Second, Halperin is way short on prescriptions. It’s not at all clear that he thinks scribblers ought to spend more time sounding policy proposals. Cramer wasn’t big on doing this either—but, hey, his book really didn’t need too; it was color-commentary published four years after the fact.

That brings us back to What It Takes, and a final triple bank shot irony. As The Washington Monthly’s Kevin Drum notes, if there’s a book to blame for the curse of process coverage, it’s one that Cramer himself spotted. In the introduction to What it Takes, Cramer writes that “mountains” of campaign newspaper articles and books left him knowledgeable about “polls and ad-campaigns, people-meters, direct-mail fundraising, computer targeted-media buys, and all kinds of arcane wizardry,” but did not address the questions Halperin longs to answer—who the candidates were, what drove them, and what they were like as people. And, Cramer writes, that’s the hole he set out to plug. Last week, Bai wrote that in a recent conversation Cramer was more specific, and fingered Theodore White’s 1960 The Making of the Presidency, another epoch-making political tome, as the book that spoiled campaign reporting. Cramer saw White’s focus on the horse race and related campaign minutiae as unhealthy.

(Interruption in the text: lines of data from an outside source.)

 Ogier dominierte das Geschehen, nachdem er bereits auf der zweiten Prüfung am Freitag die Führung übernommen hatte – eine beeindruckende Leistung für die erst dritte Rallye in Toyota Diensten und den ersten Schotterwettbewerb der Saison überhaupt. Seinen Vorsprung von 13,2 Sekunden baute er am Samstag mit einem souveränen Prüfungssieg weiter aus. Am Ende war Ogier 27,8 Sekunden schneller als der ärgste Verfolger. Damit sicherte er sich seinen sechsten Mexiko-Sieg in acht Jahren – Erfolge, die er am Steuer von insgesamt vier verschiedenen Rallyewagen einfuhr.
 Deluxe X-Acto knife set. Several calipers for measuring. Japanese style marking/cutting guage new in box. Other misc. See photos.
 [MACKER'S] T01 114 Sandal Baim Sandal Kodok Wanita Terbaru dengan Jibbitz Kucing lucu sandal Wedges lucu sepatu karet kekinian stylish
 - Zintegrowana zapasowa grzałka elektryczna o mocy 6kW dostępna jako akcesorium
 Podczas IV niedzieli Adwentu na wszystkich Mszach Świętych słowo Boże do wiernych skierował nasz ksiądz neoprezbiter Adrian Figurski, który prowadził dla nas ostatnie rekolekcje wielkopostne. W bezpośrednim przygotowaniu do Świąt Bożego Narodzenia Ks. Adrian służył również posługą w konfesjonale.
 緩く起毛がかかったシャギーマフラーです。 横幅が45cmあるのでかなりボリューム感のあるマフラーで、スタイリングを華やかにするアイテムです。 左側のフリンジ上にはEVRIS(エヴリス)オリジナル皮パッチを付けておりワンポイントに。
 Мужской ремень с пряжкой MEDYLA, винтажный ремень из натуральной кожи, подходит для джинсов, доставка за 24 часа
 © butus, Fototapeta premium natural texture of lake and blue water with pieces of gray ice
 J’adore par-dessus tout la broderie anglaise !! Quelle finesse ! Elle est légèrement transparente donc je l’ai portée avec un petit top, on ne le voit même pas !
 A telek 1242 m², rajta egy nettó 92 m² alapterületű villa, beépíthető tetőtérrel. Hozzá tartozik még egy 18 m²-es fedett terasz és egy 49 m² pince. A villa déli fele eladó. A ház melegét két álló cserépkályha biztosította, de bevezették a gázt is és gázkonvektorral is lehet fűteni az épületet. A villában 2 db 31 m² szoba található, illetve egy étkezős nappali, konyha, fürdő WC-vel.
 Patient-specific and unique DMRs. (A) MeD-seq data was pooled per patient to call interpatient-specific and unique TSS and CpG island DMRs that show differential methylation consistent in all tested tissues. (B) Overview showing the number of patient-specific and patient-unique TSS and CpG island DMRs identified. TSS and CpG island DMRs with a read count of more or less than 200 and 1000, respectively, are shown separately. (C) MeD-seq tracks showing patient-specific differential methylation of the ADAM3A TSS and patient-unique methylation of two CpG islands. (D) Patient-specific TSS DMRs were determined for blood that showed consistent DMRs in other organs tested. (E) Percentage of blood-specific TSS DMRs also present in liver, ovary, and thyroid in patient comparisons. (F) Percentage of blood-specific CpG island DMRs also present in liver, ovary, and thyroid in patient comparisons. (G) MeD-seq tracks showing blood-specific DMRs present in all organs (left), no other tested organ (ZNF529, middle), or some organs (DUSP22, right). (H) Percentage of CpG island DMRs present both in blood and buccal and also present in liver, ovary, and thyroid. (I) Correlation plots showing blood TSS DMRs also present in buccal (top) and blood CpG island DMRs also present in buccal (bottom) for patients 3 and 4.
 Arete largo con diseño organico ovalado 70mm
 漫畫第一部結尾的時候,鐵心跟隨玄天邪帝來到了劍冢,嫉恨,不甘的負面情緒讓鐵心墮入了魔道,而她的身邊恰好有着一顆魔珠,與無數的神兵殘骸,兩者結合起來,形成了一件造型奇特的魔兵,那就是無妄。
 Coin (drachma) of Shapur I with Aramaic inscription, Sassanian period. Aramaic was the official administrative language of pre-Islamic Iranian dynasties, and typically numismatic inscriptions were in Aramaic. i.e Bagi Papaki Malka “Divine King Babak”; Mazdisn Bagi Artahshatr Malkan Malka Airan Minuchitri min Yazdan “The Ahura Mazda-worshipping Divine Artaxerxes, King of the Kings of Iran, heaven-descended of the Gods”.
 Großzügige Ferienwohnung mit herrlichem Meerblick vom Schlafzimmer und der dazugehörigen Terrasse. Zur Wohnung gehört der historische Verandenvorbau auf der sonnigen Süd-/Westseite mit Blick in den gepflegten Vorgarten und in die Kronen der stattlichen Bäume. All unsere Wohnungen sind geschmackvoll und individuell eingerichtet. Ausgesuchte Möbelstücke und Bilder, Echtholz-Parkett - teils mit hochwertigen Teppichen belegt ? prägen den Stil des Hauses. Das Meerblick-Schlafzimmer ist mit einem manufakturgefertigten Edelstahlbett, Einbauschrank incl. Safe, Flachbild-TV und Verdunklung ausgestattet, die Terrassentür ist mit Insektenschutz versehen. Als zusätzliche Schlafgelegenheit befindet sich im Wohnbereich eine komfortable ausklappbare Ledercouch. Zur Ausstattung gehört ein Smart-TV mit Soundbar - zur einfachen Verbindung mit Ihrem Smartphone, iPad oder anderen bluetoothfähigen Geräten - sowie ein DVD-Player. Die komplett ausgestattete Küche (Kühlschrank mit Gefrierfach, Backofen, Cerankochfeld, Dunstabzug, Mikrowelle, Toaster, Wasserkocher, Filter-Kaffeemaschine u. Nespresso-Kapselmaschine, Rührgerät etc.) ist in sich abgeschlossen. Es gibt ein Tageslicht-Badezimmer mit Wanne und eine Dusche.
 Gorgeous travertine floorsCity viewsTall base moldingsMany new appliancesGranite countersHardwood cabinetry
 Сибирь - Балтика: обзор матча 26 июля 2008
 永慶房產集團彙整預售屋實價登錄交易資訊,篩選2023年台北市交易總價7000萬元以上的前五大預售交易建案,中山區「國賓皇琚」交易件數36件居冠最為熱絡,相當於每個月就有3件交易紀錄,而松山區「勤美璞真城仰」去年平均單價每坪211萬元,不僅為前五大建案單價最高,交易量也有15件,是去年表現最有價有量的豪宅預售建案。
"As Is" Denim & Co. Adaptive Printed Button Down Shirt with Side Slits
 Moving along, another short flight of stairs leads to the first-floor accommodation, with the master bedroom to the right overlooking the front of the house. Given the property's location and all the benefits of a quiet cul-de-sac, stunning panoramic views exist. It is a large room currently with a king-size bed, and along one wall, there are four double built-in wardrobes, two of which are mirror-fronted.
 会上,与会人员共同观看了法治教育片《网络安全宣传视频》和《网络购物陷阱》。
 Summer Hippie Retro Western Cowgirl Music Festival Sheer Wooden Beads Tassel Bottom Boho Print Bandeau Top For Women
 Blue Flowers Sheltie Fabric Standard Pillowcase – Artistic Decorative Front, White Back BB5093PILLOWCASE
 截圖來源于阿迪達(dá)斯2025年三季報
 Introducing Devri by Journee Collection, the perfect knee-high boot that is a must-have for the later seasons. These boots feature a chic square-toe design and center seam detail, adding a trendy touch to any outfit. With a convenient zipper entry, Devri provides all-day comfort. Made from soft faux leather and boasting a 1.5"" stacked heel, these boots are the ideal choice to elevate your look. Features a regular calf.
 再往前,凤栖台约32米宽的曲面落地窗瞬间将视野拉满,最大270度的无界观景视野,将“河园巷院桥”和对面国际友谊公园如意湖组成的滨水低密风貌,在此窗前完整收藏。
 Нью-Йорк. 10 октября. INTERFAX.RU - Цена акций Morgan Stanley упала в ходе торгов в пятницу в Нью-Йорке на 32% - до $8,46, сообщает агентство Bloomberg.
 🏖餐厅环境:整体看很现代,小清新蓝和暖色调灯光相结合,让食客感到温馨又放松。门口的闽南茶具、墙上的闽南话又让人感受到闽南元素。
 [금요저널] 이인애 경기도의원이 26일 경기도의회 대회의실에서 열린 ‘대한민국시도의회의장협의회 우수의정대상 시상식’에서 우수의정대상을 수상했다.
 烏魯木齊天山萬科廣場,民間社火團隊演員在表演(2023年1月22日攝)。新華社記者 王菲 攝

Interestingly enough, after the 1972 campaign rolled around, even White seemed to agree. Tim Crouse, in The Boys on The Bus, his own constellation-dwelling campaign coverage exposé, interviewed White, by then the author of ’64 and ’68 Making clones, in his Manhattan townhouse. White recounted an anecdote from the ’72 campaign, when reporters stalked George McGovern and an aide as they desperately sought privacy to chew over his upcoming vice-presidential pick, one of any campaign’s greatest “process” decisions:

“…all of us are observing him, taking notes like mad, getting all the little details. Which I think I invented as a method of reporting and which I now sincerely regret. If you write about this, say that I sincerely regret it.”

Alas, such regrets didn’t stop White from pressing ahead and releasing a 1972 Making of the President. Why? Was it the lure of money? The thrill of the trail? His exclusive access or transparent love of the political game? Who knows.

Halperin now helms “The Page,” Time.com’s bloggy campaign round-up. And today, the very day after renouncing his old ways in our nation’s most public forum short of Oprah’s couch, he’s back to his old tricks, pushing a regular diet of frivolous campaign squabbles, TV ads, and direct mailings. He also teases the implications of upcoming Obama campaign appearances by, yes, Oprah Winfrey.

For Halperin, like White before, it seems repenting is a step well short of reforming.

Clint Hendler is the managing editor of Mother Jones, and a former deputy editor of CJR.